## Records supplied:
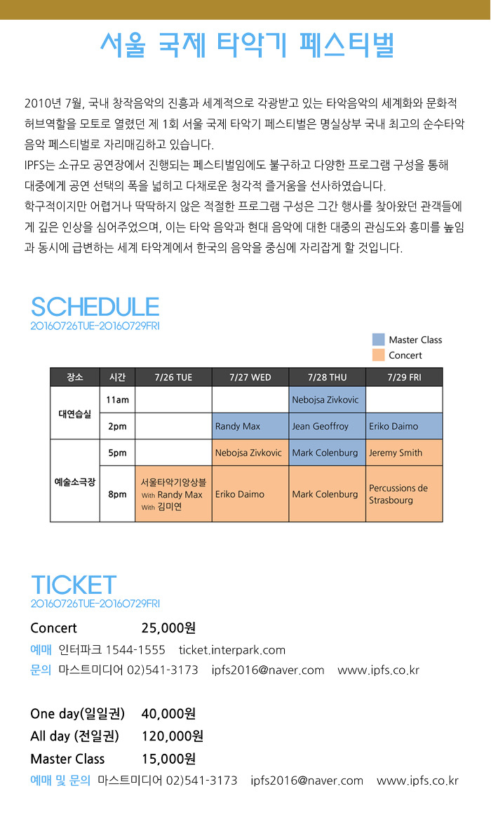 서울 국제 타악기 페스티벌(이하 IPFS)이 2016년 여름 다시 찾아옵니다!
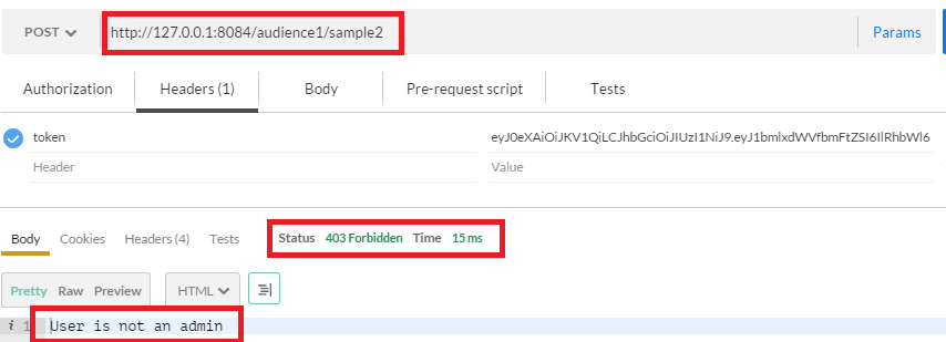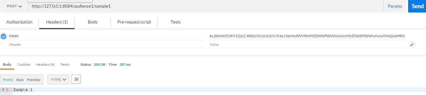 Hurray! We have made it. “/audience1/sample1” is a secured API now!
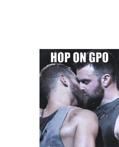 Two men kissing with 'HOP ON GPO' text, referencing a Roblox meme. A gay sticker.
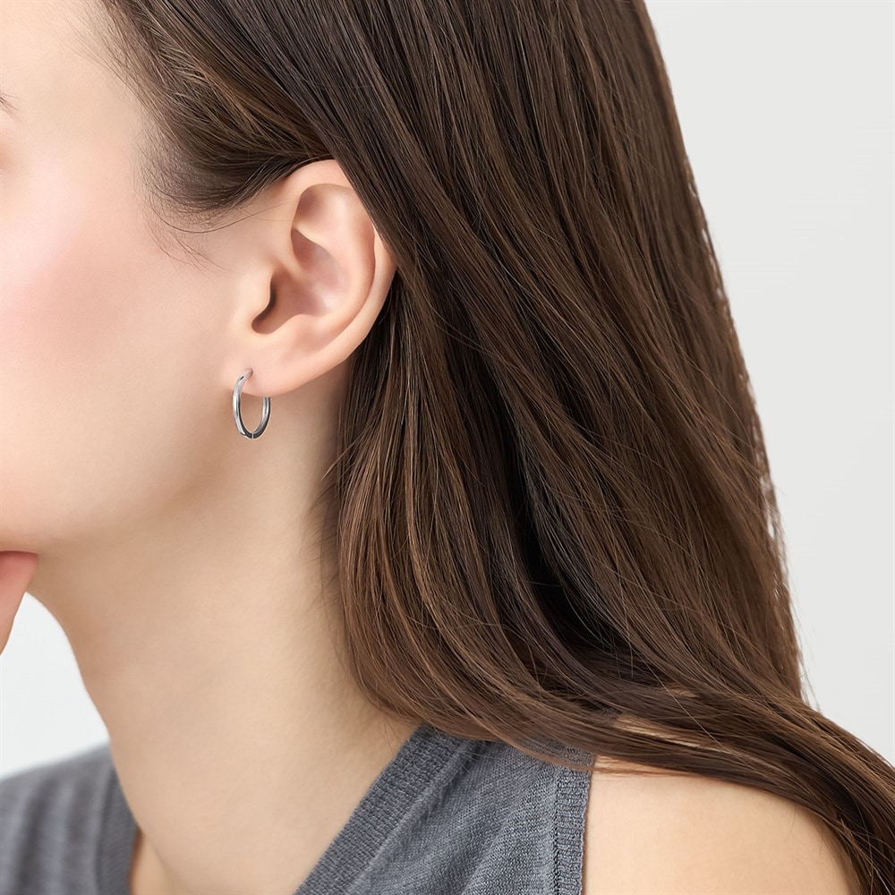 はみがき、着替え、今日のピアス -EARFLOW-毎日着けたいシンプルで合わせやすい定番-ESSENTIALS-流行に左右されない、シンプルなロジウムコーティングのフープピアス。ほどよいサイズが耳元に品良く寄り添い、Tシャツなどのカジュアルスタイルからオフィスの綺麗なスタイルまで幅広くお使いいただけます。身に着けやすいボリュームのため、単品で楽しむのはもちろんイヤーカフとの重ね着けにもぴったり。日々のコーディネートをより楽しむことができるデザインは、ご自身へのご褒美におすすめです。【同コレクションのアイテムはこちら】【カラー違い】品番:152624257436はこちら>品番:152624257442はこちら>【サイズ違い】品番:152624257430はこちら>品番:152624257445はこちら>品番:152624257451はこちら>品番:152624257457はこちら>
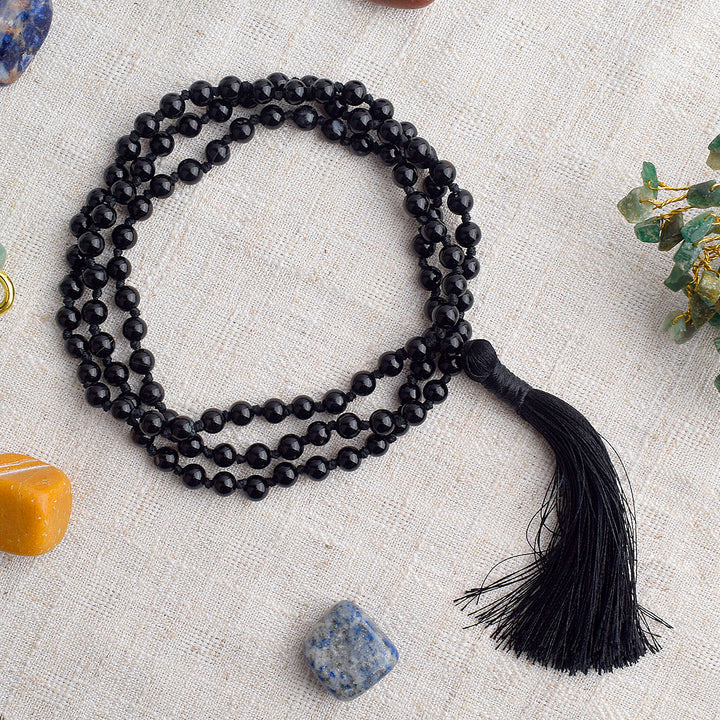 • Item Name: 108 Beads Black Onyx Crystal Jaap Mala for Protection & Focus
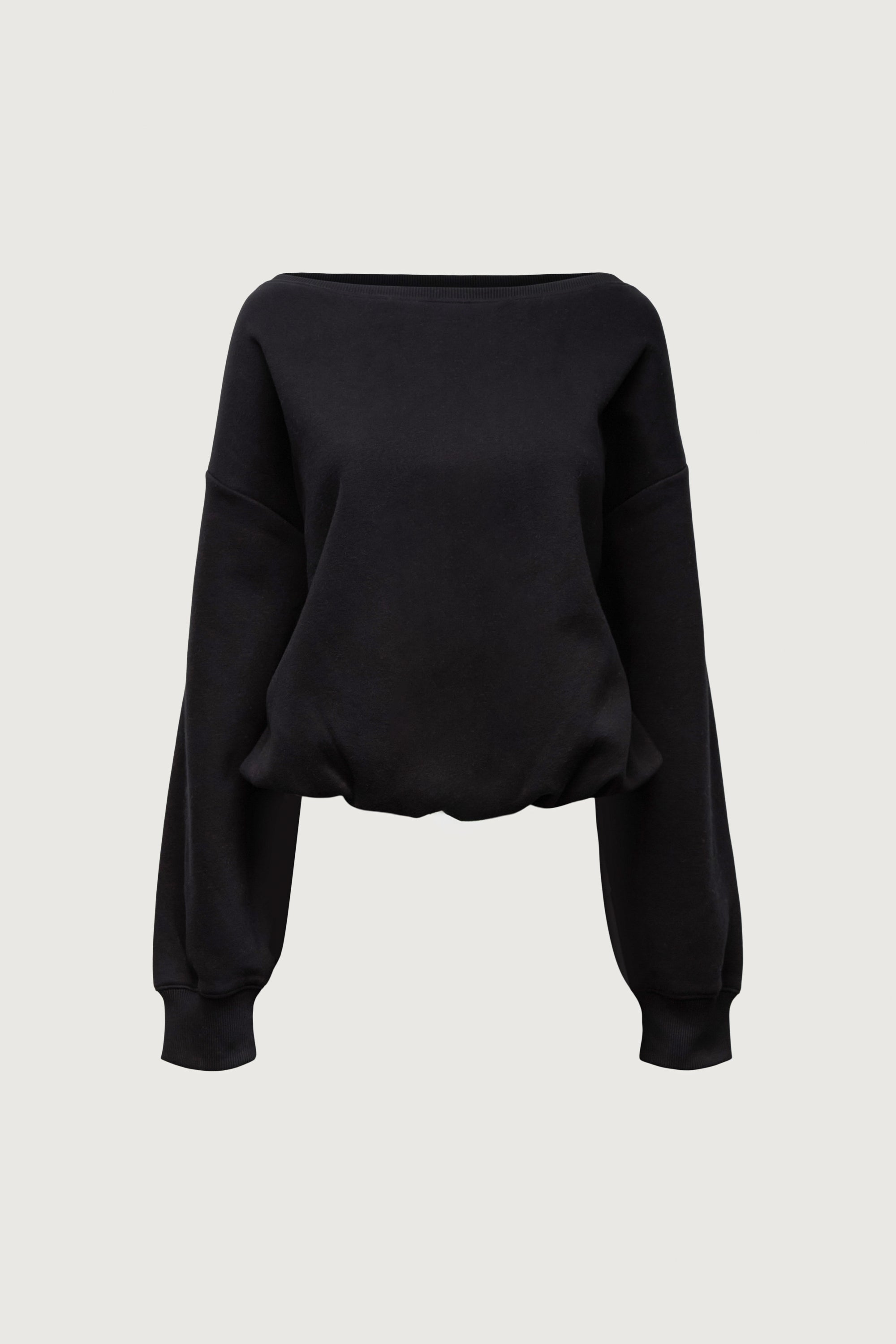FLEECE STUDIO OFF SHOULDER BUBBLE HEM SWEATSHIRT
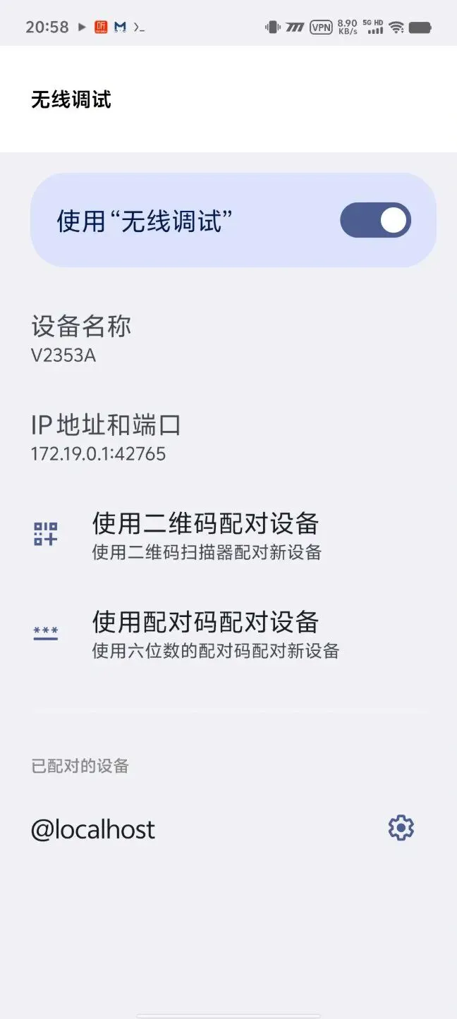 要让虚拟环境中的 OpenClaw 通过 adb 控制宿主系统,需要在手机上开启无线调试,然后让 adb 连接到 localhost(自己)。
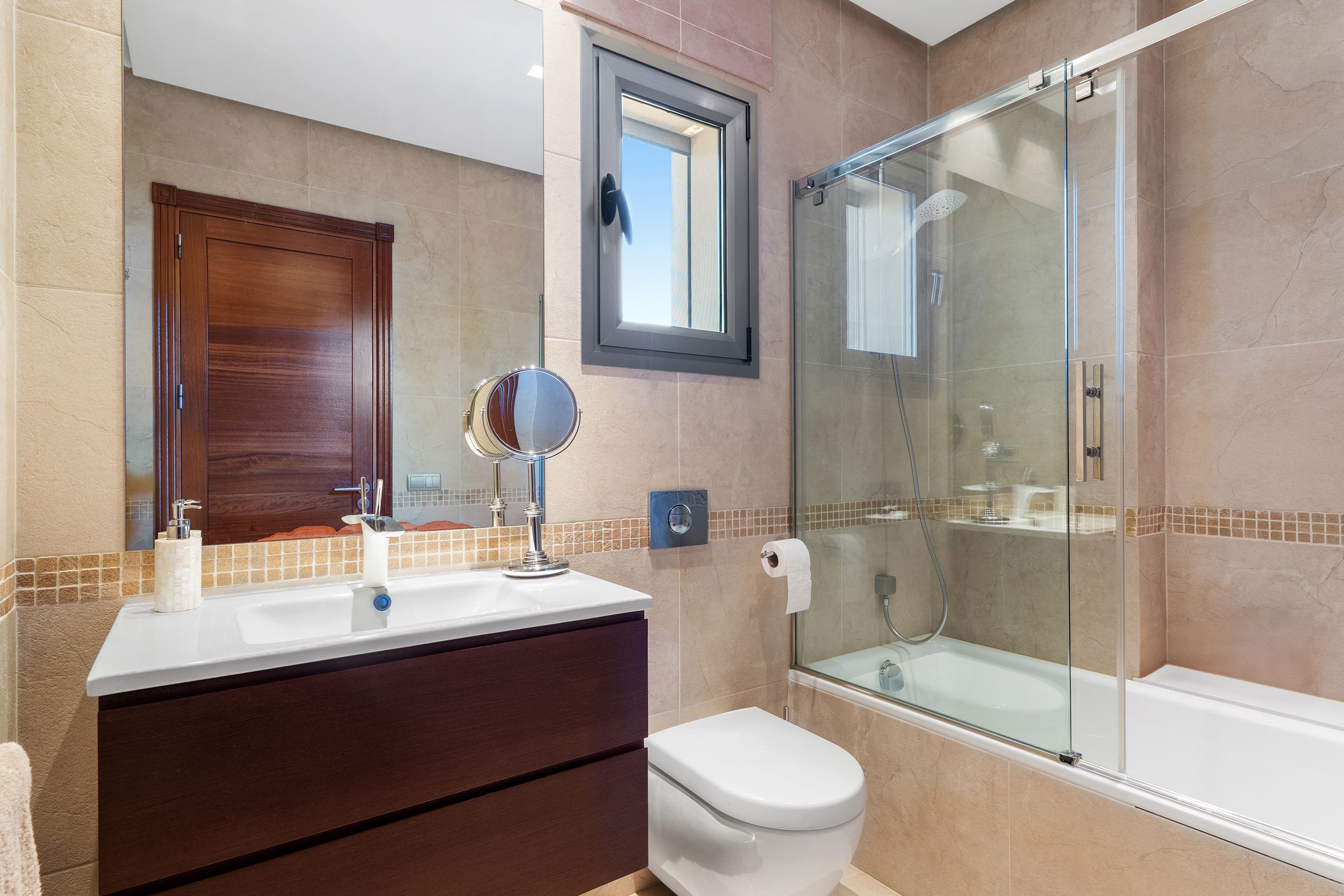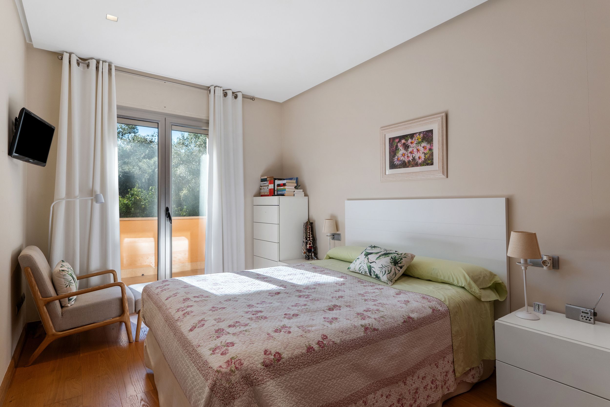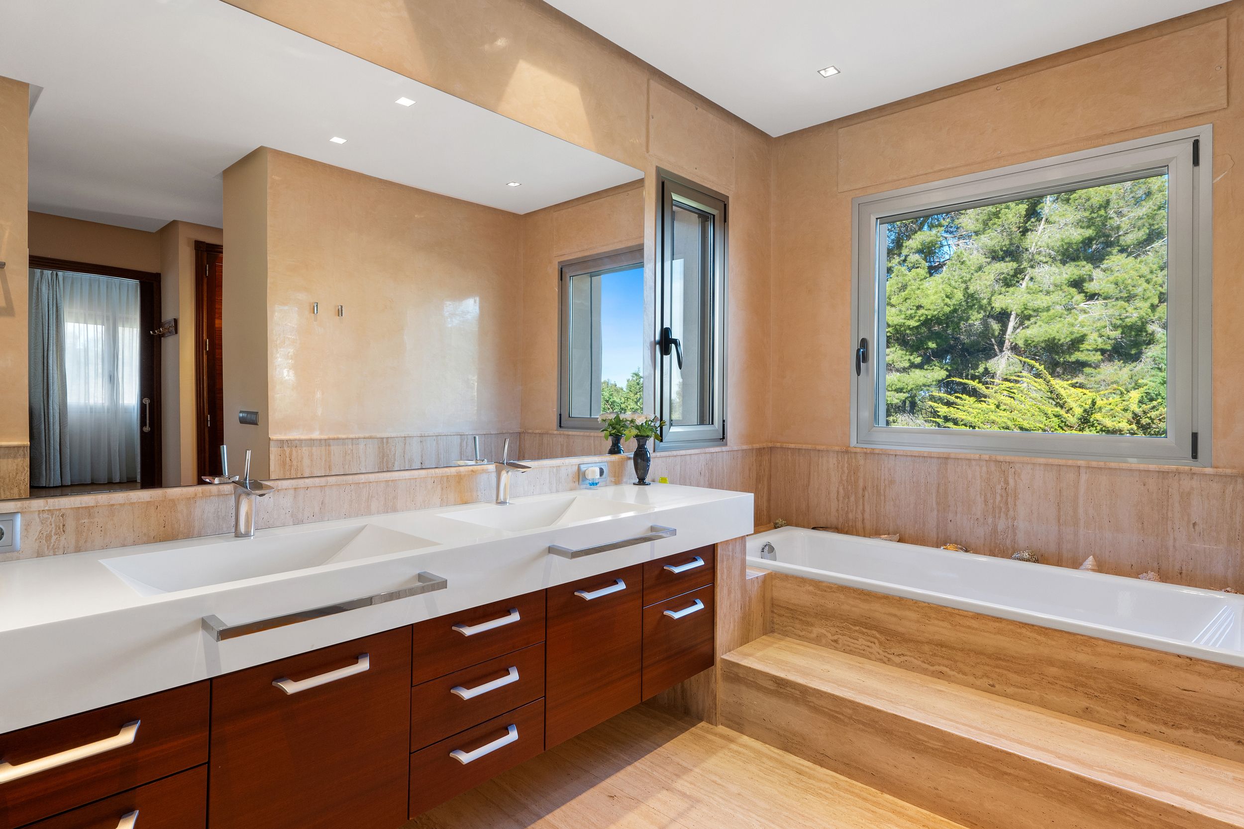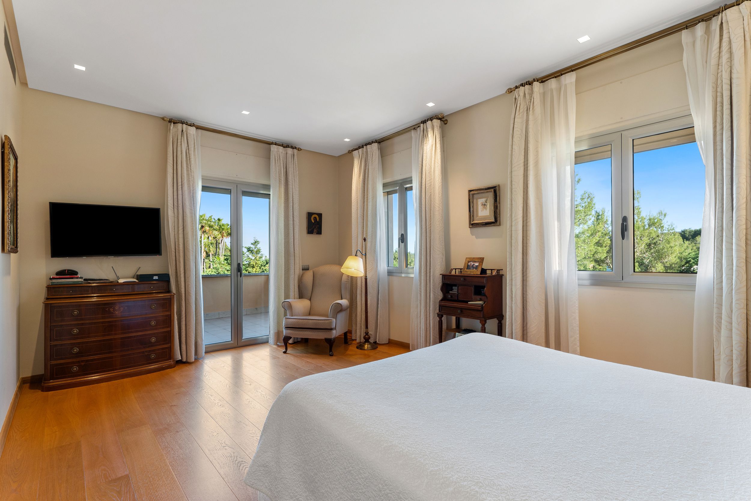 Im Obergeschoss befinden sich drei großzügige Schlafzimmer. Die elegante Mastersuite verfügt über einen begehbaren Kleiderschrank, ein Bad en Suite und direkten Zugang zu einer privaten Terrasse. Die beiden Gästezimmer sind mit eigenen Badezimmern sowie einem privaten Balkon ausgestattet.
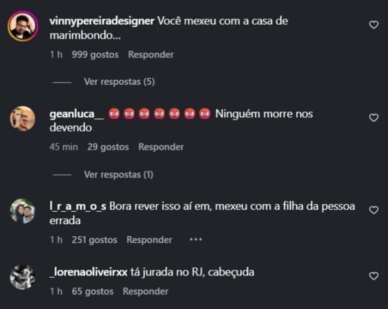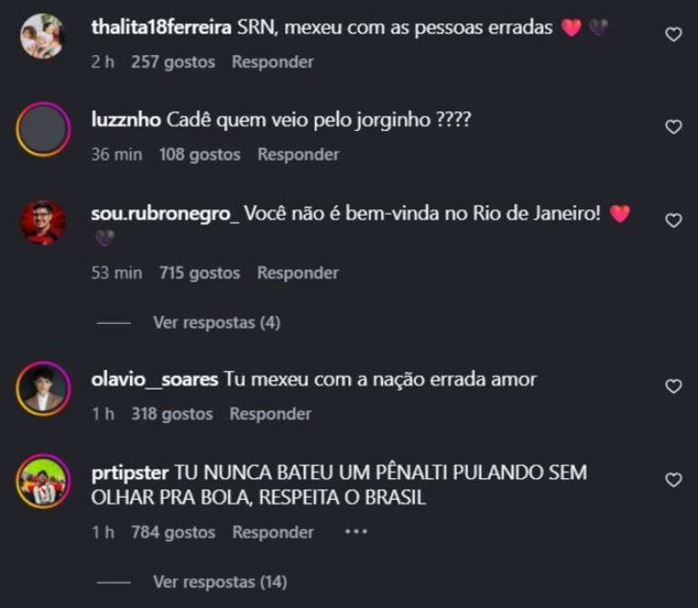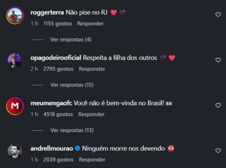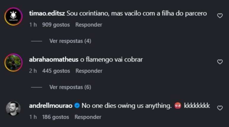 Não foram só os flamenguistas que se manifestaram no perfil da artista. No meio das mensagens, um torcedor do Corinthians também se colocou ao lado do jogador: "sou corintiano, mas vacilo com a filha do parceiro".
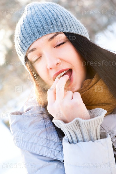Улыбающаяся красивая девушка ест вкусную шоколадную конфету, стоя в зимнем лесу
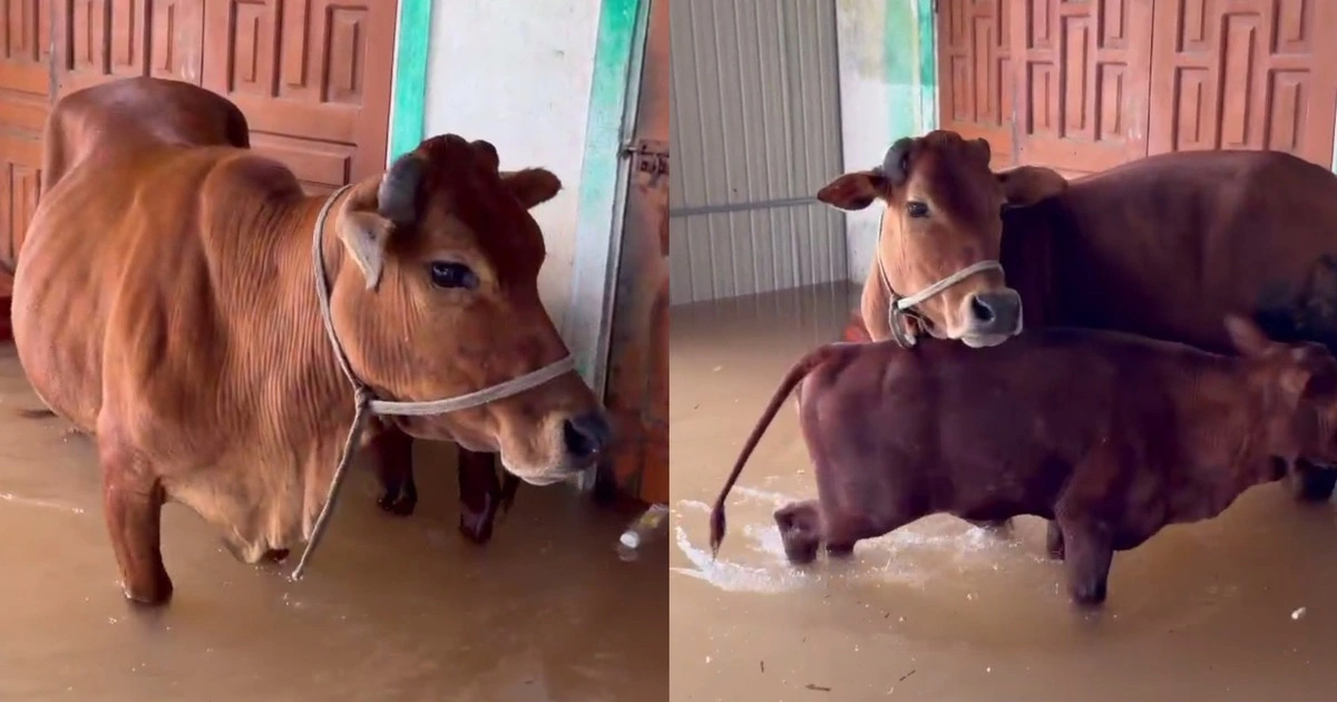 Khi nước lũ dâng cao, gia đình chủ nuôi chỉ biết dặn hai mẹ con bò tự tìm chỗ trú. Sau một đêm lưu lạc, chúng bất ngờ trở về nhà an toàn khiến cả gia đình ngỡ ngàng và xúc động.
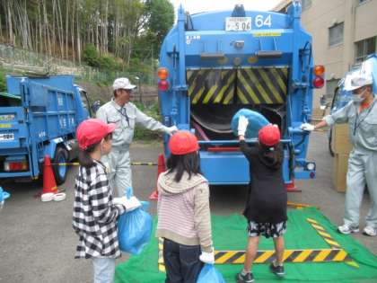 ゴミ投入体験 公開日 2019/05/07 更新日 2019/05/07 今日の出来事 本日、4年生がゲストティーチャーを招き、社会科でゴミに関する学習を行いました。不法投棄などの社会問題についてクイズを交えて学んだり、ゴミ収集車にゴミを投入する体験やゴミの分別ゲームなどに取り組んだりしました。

## What is expected:
Print the material above word for word, first line through the line with "要让虚拟环境中的 OpenClaw 通过", and leave every picture out.

## Response to this task:
 서울 국제 타악기 페스티벌(이하 IPFS)이 2016년 여름 다시 찾아옵니다!
 Hurray! We have made it. “/audience1/sample1” is a secured API now!
 Two men kissing with 'HOP ON GPO' text, referencing a Roblox meme. A gay sticker.
 はみがき、着替え、今日のピアス -EARFLOW-毎日着けたいシンプルで合わせやすい定番-ESSENTIALS-流行に左右されない、シンプルなロジウムコーティングのフープピアス。ほどよいサイズが耳元に品良く寄り添い、Tシャツなどのカジュアルスタイルからオフィスの綺麗なスタイルまで幅広くお使いいただけます。身に着けやすいボリュームのため、単品で楽しむのはもちろんイヤーカフとの重ね着けにもぴったり。日々のコーディネートをより楽しむことができるデザインは、ご自身へのご褒美におすすめです。【同コレクションのアイテムはこちら】【カラー違い】品番:152624257436はこちら>品番:152624257442はこちら>【サイズ違い】品番:152624257430はこちら>品番:152624257445はこちら>品番:152624257451はこちら>品番:152624257457はこちら>
 • Item Name: 108 Beads Black Onyx Crystal Jaap Mala for Protection & Focus
FLEECE STUDIO OFF SHOULDER BUBBLE HEM SWEATSHIRT
 要让虚拟环境中的 OpenClaw 通过 adb 控制宿主系统,需要在手机上开启无线调试,然后让 adb 连接到 localhost(自己)。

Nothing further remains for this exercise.